Prawa do wykorzystania treści to jeden z tych aspektów influencer marketingu, który powoduje pot na dłoniach wszystkich.
- Jak poprosić twórcę o udostępnienie jego treści?
- Jaką uczciwą stawkę zaproponować za prawa do wykorzystania treści? Czy warto negocjować?
- Jak upewnić się, że nie rozczarujesz swojego partnera-influencera ani własnego zespołu?
Ten artykuł odpowie na najbardziej kłopotliwe pytania dotyczące praw do wykorzystania treści. Nasze źródło? Prawdziwe doświadczenia marketerów influencerowych, którzy na co dzień zmagają się z prawami do wykorzystania treści i wszystkimi ich niuansami.
Ustal dokładnie, w jaki sposób Twoja marka będzie wykorzystywać treści twórców.
Jedną z pierwszych rzeczy, które musisz dokładnie wiedzieć, jest dlaczego potrzebujesz praw do wykorzystania treści od swojego partnera-influencera.
- Czy planujesz wesprzeć ją budżetem reklamowym i uruchomić jako reklamę? Jeśli tak, na których platformach?
- Czy zamierzasz dodać niektóre posty influencerów do stron produktów? Których?
- Kiedy (i jak długo) chcesz wykorzystywać treści influencera?
To wymaga wcześniejszych rozmów z innymi działami w firmie i zrozumienia ich oczekiwań. Może to brzmieć jak żmudne i zbędne przygotowanie, przecież można wykonać te zadania po uzyskaniu praw do wykorzystania treści, prawda?

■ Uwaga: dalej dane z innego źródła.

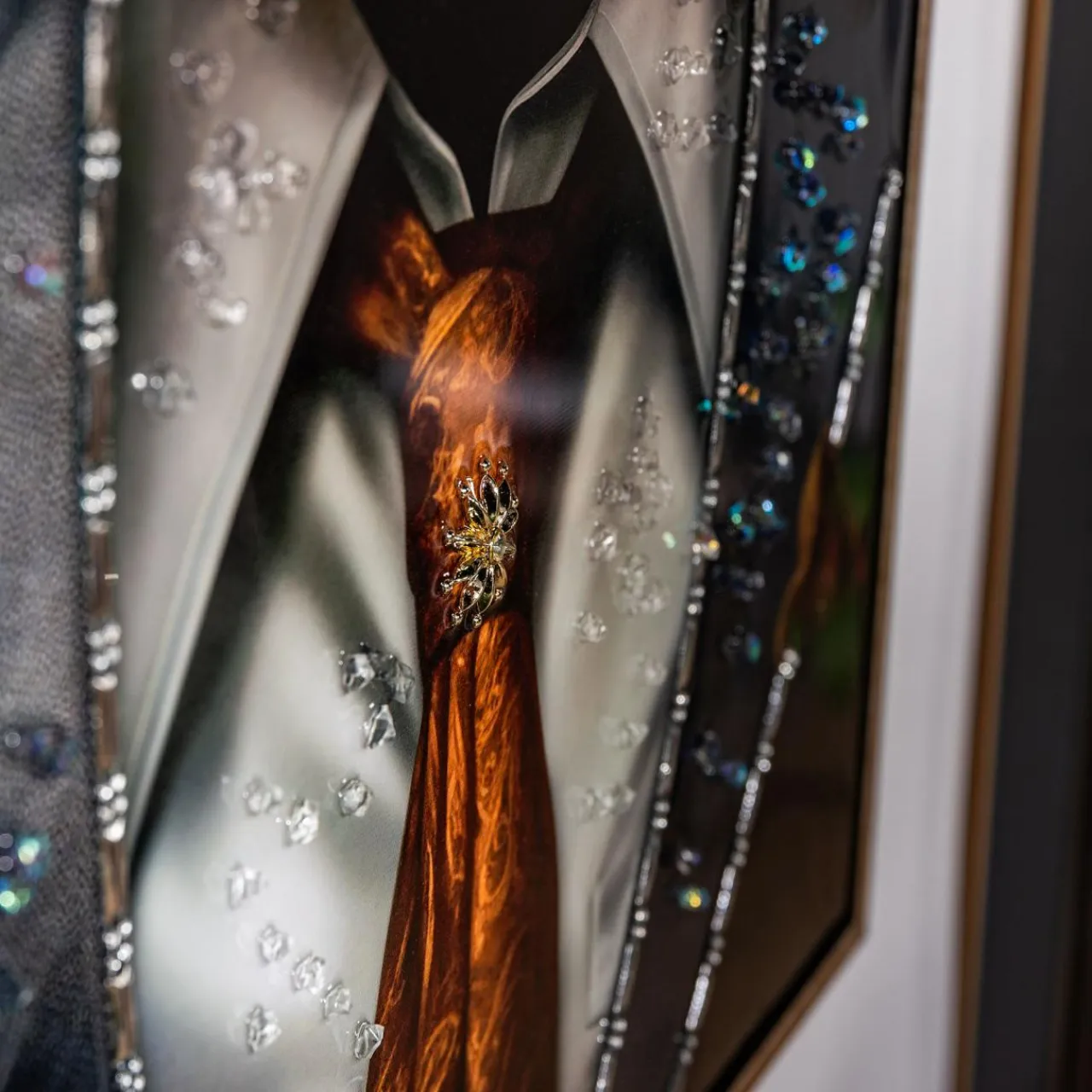 Obraz na płótnie z oryginalną grafiką małpy w eleganckim garniturze to niebanalny akcent – zdobiony akrylowymi elementami, delikatnie połyskuje, przyciągając wzrok.

Jednak odrobienie tej pracy domowej pomoże Ci:
- Przygotować briefy dla influencerów w sposób spełniający potrzeby innych zespołów marketingowych
- Odpowiadać na dodatkowe pytania influencerów po usłyszeniu o prawach do wykorzystania treści
- Zrozumieć prawdziwą wartość uzyskania praw do wykorzystania treści od każdego influencera i negocjować adekwatnie
Na przykład, jeśli influencer podaje stawkę za prawa do wykorzystania treści znacznie wyższą niż Twój budżet, masz wszystkie informacje, aby zdecydować, czy warto naciągnąć budżet dla tego konkretnego materiału.
Jedną z pierwszych lekcji z zestawienia zasad "tak" i "nie" w marketingu influencerskim jest to, że ta strategia nie działa w oderwaniu od innych działań. Musisz stale komunikować się z sąsiednimi zespołami, aby upewnić się, że Wasze oczekiwania są zbieżne.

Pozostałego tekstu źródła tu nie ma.